São Paulo - Nem inflação, nem desemprego nem dólar. Para 51,% dos consumidores brasileiros o principal motivo para a atual crise no Brasil é corrupção e má versação de dinheiro público. Entre os que estão pessimistas com o futuro, a 'incompetência e impunidade dos políticos' foi citada por 52,4% dos entrevistados.

As afirmações fazem parte de um levantamento da Confederação Nacional dos Dirigentes Lojistas (CNDL) que abordou as percepções dos brasileiros em junho. Segundo o estudo, 81,9% dos entrevistados avaliaram que a economia vai mal, e a Confederação destaca ainda que subiu a proporção de brasileiros que estão pessimistas com o futuro. Em junho deste ano - após as delações de Joesley Batista, um dos sócios da J&F - o indicador de confiança na economia futura caiu 5,2%, atingindo 51,1 pontos, muito próximo da zona que difere o pessimismo do otimismo (50 pontos). "O recuo foi observado tanto no quesito expectativas para a economia quanto no indicador de expectativas para a vida financeira", destaca o presidente da CNDL, Honório Pinheiro.

Para ele, a combinação do risco de novas instabilidades políticas e a atividade econômica ainda fraca, mesmo com inflação em queda e juros menores, contribuíram para o resultado de junho. "O processo de recuperação da confiança dos consumidores poderá ser lento e irregular, variando ao sabor do clima político", analisa Pinheiro.

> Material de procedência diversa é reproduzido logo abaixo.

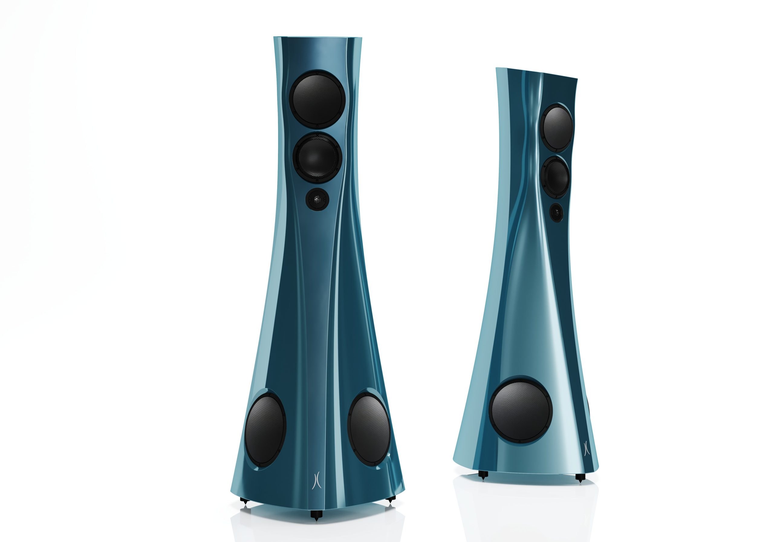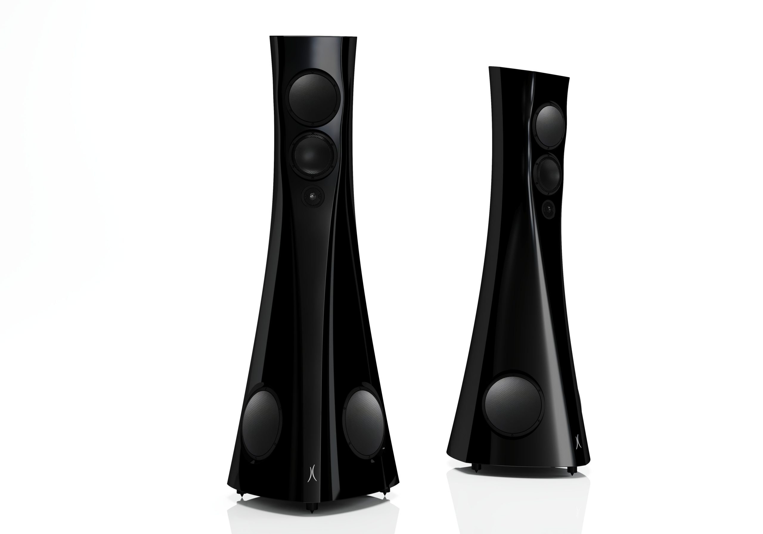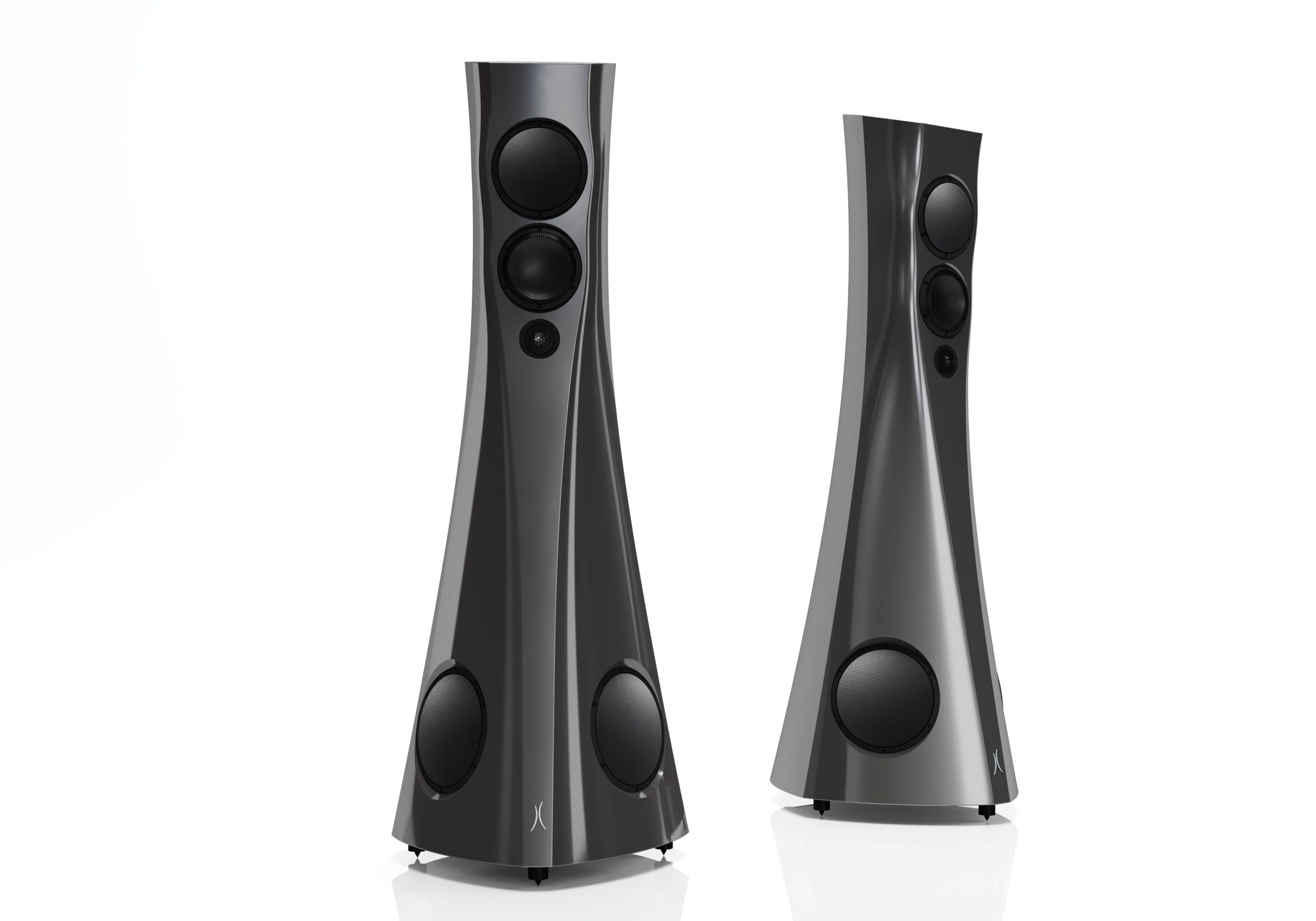 The three upper drivers are positioned on the curved front panel in a way that from the listening position these are approximately at the same distance from the listener. This, combined with the meticulously fine-tuned cross-over filters, means that the sound from each driver reaches the listening position at the same time, resulting in a coherent, precise sound signal with uncompressed dynamics, perfect tonal balance, very precise imaging, and lifelike sound-staging.

No recorte do mau humor com a economia nos próximos seis meses 40% dos entrevistados disseram que o futuro será ruim para o País, sendo que mais da metade desses entrevistados (52,4%) culpam a impunidade de políticos e incompetência como os principais fatores para o País estar nesse momento de recessão econômica tão duradoura.

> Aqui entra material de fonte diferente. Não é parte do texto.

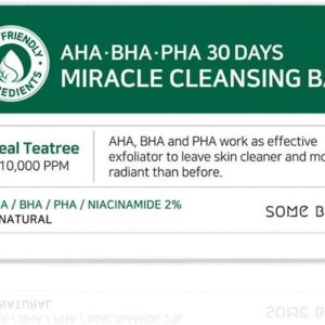 30 day miracle cleansing bar: Glycerin, water, propylene glycol, sodium palmitate, sodium stearate, potassium laurate, sodium laurate, coco-betaine, disodium laureth sulfosuccinate, sucrose, sorbitol, decyl glucoside, niacinamide, chlorella vulgaris powder, melaleuca alternifolia (tea tree) leaf oi, melaleuca alternifolia (tea tree) extract, stearic acid, citric acid (5,000 ppm), salicylic acid (5,000 ppm), hordeum vulgare leaf powder, houttuynia cordata extract, glycyrrhiza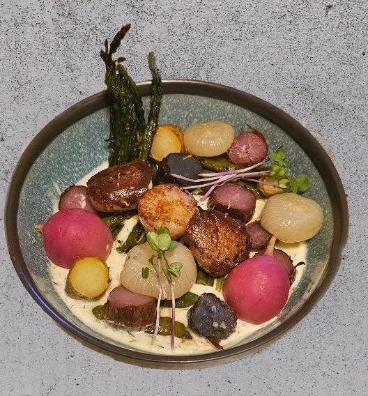 Hello, I’m a home chef trying to improve my plating game. I know this is a little chaotic, so any criticism and advice would be really helpful for me! Apologies on the uneven cook on the scallops, I’d never cooked them before. Thanks 🙂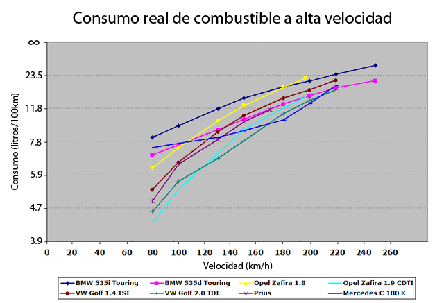 La última, en cambio, merece una mención aparte. Los motores de explosión (gasolina y gasoil) no ofrecen la misma potencia a las mismas revoluciones. Cada marcha está adaptada a un régimen concreto de velocidades, como sabe o intuye cualquier conductor. El consumo en marchas cortas es considerablemente mayor que en marchas largas y, dentro de la misma marcha, hay un rango óptimo de revoluciones (usualmente entre 2500 y 3500 RPM, donde está el par máximo) en los que el consumo se minimiza, mientras que la potencia ofrecida por el motor aumenta considerablemente. No niego que haya unos pocos coches, como aseguran algunos, en los que la 5ª marcha esté optimizada de tal manera que el ahorro de combustible entre 110 y 120 km/h sea mínimo. Pero la tendencia general, como muestra la gráfica de consumo que reproduzco de nuevo aquí, para ocho coches diferentes, es a que el ahorro sea significativo. Naturalmente, me gustaría ver más gráficas de consumo frente a velocidad, de muchos más coches, para corroborar o desmentir a nuestros amigos alemanes de Auto Bild, a los que si algo les gusta, por lo que parece, es correr. No tengo motivos para pensar que sean unos mantas al volante, de los que sobrerrevolucionan el motor en 4ª a 110 km/h y cambien a 5ª a 120 km/h, pero si alguien sí los tiene y dispone de otros datos de consumo frente a velocidad tomados con rigor y sin prejuicios, que los presente y hablamos tranquilamente.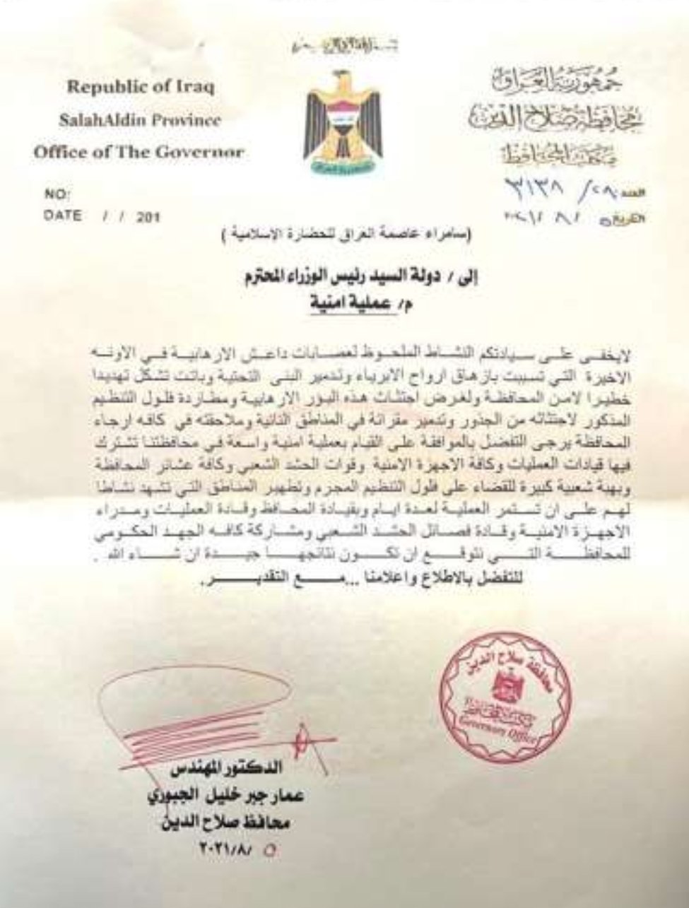 صلاح الدين توجه رسالة للكاظمي تخص أمن المحافظة (وثيقة)

Para 13,8% dos entrevistados a razão do desalento com a economia é o continuo aumento do desemprego, enquanto 10% citaram que novos fatos da política (como os escândalos envolvendo o presidente Michel Temer e o senador Aécio Neves) conseguem desequilibrar a economia.

Finanças pessoais

Quando analisado a situação financeira dos entrevistados, a resposta também não anima muito. Segundo a pesquisa, 41,1% dos ouvidos disseram que a atual situação está ruim ou péssima, enquanto 45% colocam-se como regular e apenas 9% dizem que o momento atual das contas em casa está bom ou ótimo.

Entre os principais motivos para estar em uma situação desconfortável, o orçamento encolhido e a dificuldade de pagar contar foi o problema mais reportado por 31,3% dos ouvidos pela CNDL.

"O momento econômico difícil pelo qual o país atravessa influencia negativamente a vida financeira do brasileiro, obrigando que essas pessoas façam cortes no orçamento, consumam menos do que antes ou enfrentem dificuldades para honrar compromissos em dia", explica a economista-chefe do SPC Brasil, Marcela Kawauti.